Zip1 and the rest of the SC can't be entirely responsible for the whole process of chromosomes finding each other though—Roeder and others have shown that in the absence of SC proteins, matches are still made. “The synaptonemal complex is not what brings things together, it's the glue that finally cements them together,” explains Kleckner.
The surprises as to what Zip1 does are likely to keep coming. The protein appears to play many different roles during meiosis. In recent experiments, Roeder identified two proteins that keep Zip1 from zipping up mismatched chromosomes. Her next goal is to figure out how those proteins work at the molecular level.
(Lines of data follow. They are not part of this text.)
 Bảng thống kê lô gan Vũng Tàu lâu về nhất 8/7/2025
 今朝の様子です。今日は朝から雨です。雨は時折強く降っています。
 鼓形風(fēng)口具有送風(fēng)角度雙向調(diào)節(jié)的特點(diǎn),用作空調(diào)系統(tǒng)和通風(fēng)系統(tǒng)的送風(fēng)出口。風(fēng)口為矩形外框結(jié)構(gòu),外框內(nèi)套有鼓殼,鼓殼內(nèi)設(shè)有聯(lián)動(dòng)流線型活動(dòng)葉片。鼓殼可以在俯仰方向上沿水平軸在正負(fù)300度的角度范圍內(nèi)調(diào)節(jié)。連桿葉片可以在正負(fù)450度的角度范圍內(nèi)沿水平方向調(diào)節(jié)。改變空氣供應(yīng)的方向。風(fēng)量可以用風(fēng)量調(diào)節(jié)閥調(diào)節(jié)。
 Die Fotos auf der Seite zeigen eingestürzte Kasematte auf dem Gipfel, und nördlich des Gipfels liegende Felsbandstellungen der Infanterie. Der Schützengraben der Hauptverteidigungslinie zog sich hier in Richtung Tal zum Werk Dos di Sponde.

Their mechanics may, in turn, reveal just how Zip1 acts as a chromosome zipper.
While the earliest meiosis researchers would surely be surprised by the intricate molecular interplay that controls meiosis, they might be just as astonished at the new techniques used to study it and how interdisciplinary the field has become.
“Different people in the modern era have brought to the table all different perspectives and points of view,” says Kleckner. Some scientists look at meiosis with an interest in regulatory molecules, she says, while others want to see the bigger picture of chromosomal movement.
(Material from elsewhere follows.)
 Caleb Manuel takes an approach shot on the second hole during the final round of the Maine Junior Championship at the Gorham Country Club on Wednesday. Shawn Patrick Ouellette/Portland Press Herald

HHMI investigator Abby Dernburg at the University of California, Berkeley, uses her microscopy background to study meiosis the old-fashioned way: through a lens. But where microscopes of the 19th century revealed only fuzzy movements of dark Xs and Ys within a cell, Dernburg can show a much clearer picture of meiosis with fluorescence, three-dimensional visualization, and higher-powered lenses.
Dernburg's study system of choice is the roundworm Caenorhabditis elegans, which boasts larger chromosomes than yeast cells—“so you can see clearly what's going on,” she says. Plus, it's easy to genetically manipulate worms and see the consequences for meiosis.
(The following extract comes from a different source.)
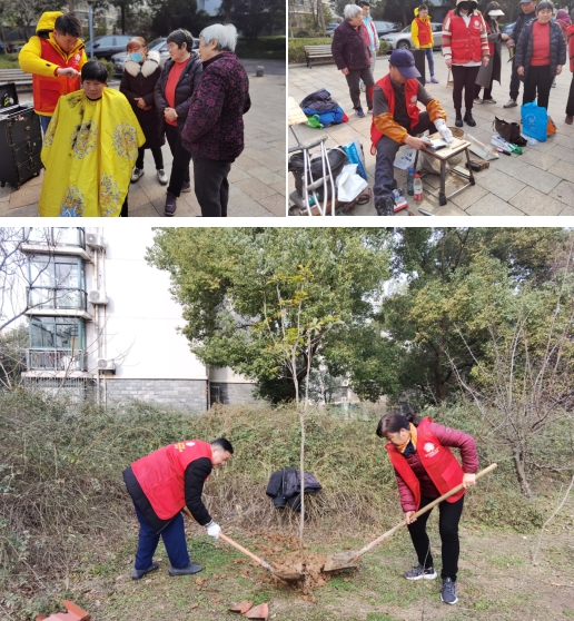 植樹現(xiàn)場,退休黨員們紛紛熱情高漲,一派熱火朝天的景象,揮鍬鏟土、培土圍堰、提水澆灌、扶樹正苗,合力栽下蜜桔、梔子花等十幾棵樹苗,為小區(qū)綠化再補(bǔ)新裝。此外還設(shè)有健康義診、義務(wù)理發(fā)、磨刀、反電詐宣傳等攤位,居民絡(luò)繹不絕。在健康義診區(qū),醫(yī)生們認(rèn)真問診,耐心解答,為居民提供了科學(xué)的健康指導(dǎo);磨刀、理發(fā)等便民服務(wù)攤位也是“生意火爆”,居民將自家用鈍的菜刀拿出來,不一會(huì)兒,刀具被磨得光亮如新;義剪師傅為居民系好圍布,按照老人的期望進(jìn)行“私人訂制”,經(jīng)過一番仔細(xì)修剪,頭發(fā)都變得十分干凈整齊。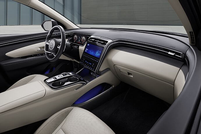 2023년형 Tucson 내부로 들어가시면 편안함과 기능성을 동시에 제공하는 세심한 디자인의 인테리어가 여러분을 맞이할 것입니다.

Dernburg's research focuses on “pairing centers” in C. elegans—regions on each chromosome that are essential for the zipping-up between chromosomes (the role Roeder thinks Zip1 plays at centromeres in yeast). In worms, the pairing center helps chromosomes find their matches (pairing) and then cement their connection (synapsis). The two processes are distinct from one another, says Dernburg. “You can get synapsis between improperly paired chromosomes and you can also have situations where the chromosomes pair but they don't synapse, because components are missing.”
The worm's pairing centers, she has found, seem to tether the chromosomes to the edge of the nucleus. She thinks they attach, through the nuclear membrane, to proteins outside the nucleus, and tug on chromosomes. Correctly matched pairs of chromosomes could resist this force, but others would be pulled apart until they found a stronger match. Through advanced microscopy techniques, Dernburg plans to investigate the strength of this tension.